4.4 Algorithm Overview

FUNCTION walk_directory(path, depth, state, config):
    // Check depth limit
    IF depth > config.max_depth AND config.max_depth >= 0:
        RETURN

    // lstat the directory itself
    IF lstat(path, &st) == -1:
        PRINT error
        RETURN

    // Check for cycle (for directories only)
    IF is_directory(st.st_mode):
        IF (st.st_dev, st.st_ino) IN state.visited:
            IF config.verbose:
                PRINT "Skipping cycle: " + path
            RETURN
        ADD (st.st_dev, st.st_ino) TO state.visited

    // Open directory
    dir = opendir(path)
    IF dir == NULL:
        PRINT error
        RETURN

    // Read entries
    WHILE (entry = readdir(dir)) != NULL:
        IF entry.d_name == "." OR entry.d_name == "..":
            CONTINUE

        // Build full path
        full_path = path + "/" + entry.d_name
        IF path_too_long:
            PRINT warning
            CONTINUE

        // Get entry info
        IF lstat(full_path, &entry_st) == -1:
            IF errno == ENOENT:
                // File disappeared (TOCTOU race), skip silently
                CONTINUE
            PRINT error
            CONTINUE

        // Apply filters
        IF NOT matches_filters(full_path, entry_st, config):
            // Still recurse into directories even if they don't match
            IF is_directory(entry_st.st_mode):
                walk_directory(full_path, depth + 1, state, config)
            CONTINUE

        // Process matching entry
        process_entry(full_path, entry_st, depth, state, config)
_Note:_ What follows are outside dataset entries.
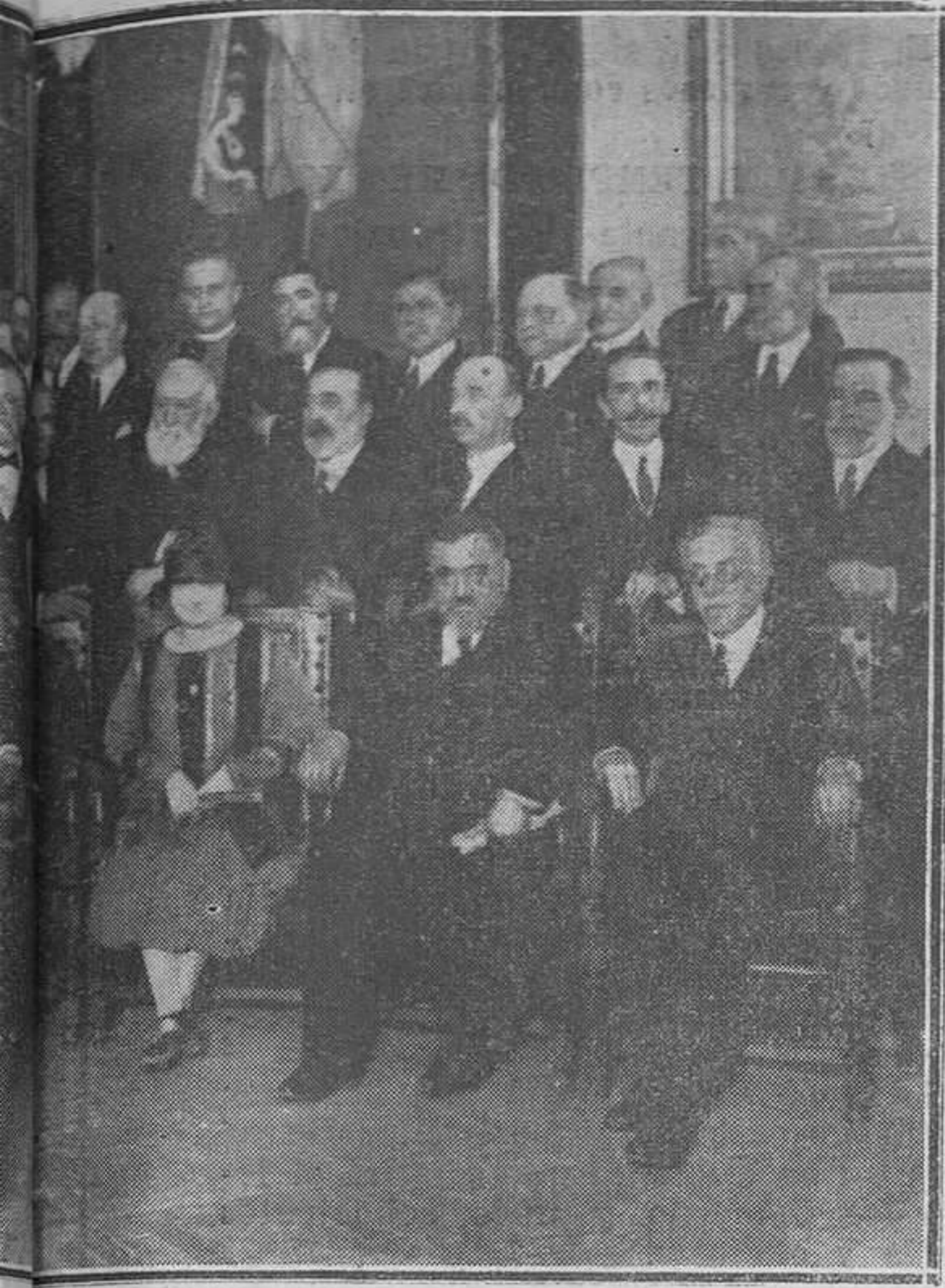
de su cargo, en sesión presidida por el ministro del ramo, señor Callejo.

... cree llegado el caso de dar gran impulso a la suscripción en toda España y en las naciones de habla española, porque ya no se trata de una de tantas primeras piedras, sino de la prosecución activa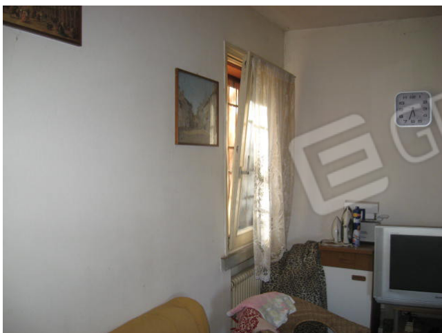
Cucina – soggiorno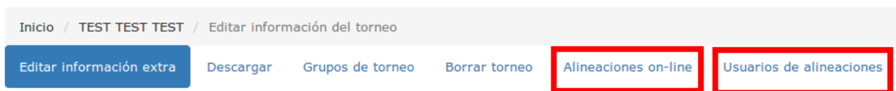
Imagen 5: Nuevas opciones de menú

Tras realizar eso, el menú de opciones se modificará y tendrá dos pestañas adicionales “Alineaciones on-line” y “Usuarios de alineaciones”:

        // Recurse into directories
        IF is_directory(entry_st.st_mode):
            IF NOT is_symlink(entry_st.st_mode) OR config.follow_symlinks:
                walk_directory(full_path, depth + 1, state, config)

    closedir(dir)


FUNCTION matches_filters(path, st, config):
    // Name filter
    IF config.name_pattern != NULL:
        IF NOT fnmatch(config.name_pattern, basename(path)):
            RETURN FALSE

    // Size filter
    IF config.min_size > 0 AND st.st_size < config.min_size:
        RETURN FALSE
    IF config.max_size > 0 AND st.st_size > config.max_size:
        RETURN FALSE

    // Type filter
    IF config.file_type != 0:
        IF config.file_type == 'f' AND NOT is_regular(st.st_mode):
            RETURN FALSE
        IF config.file_type == 'd' AND NOT is_directory(st.st_mode):
            RETURN FALSE
        IF config.file_type == 'l' AND NOT is_symlink(st.st_mode):
            RETURN FALSE

    RETURN TRUE

5. Implementation Guide

5.1 Development Environment Setup

# Create project directory
$ mkdir -p ~/projects/myfind
$ cd ~/projects/myfind

# Create test directory structure
$ mkdir -p testdir/subdir1/subsubdir
$ mkdir -p testdir/subdir2
$ touch testdir/file1.txt testdir/file2.c
$ touch testdir/subdir1/file3.h
$ touch testdir/subdir1/subsubdir/file4.cpp
$ touch testdir/subdir2/file5.py

# Create symlink cycle for testing
$ ln -s .. testdir/subdir1/parent_link

# Create various file types
$ mkfifo testdir/mypipe
$ ln -s file1.txt testdir/link_to_file1

# Verify structure
$ find testdir -type f -o -type d -o -type l | sort

5.2 Project Structure

myfind/
├── myfind.c              # Main source file
├── Makefile              # Build configuration
├── testdir/              # Test directory structure
│   ├── file1.txt
│   ├── file2.c
│   ├── link_to_file1 -> file1.txt
│   ├── mypipe            # FIFO
│   ├── subdir1/
│   │   ├── file3.h
│   │   ├── parent_link -> ..  # Cycle!
│   │   └── subsubdir/
│   │       └── file4.cpp
│   └── subdir2/
│       └── file5.py
└── README.md

5.3 The Core Question You’re Answering

“How do you traverse an entire filesystem efficiently while handling all the edge cases (permissions, symlinks, mount points)?”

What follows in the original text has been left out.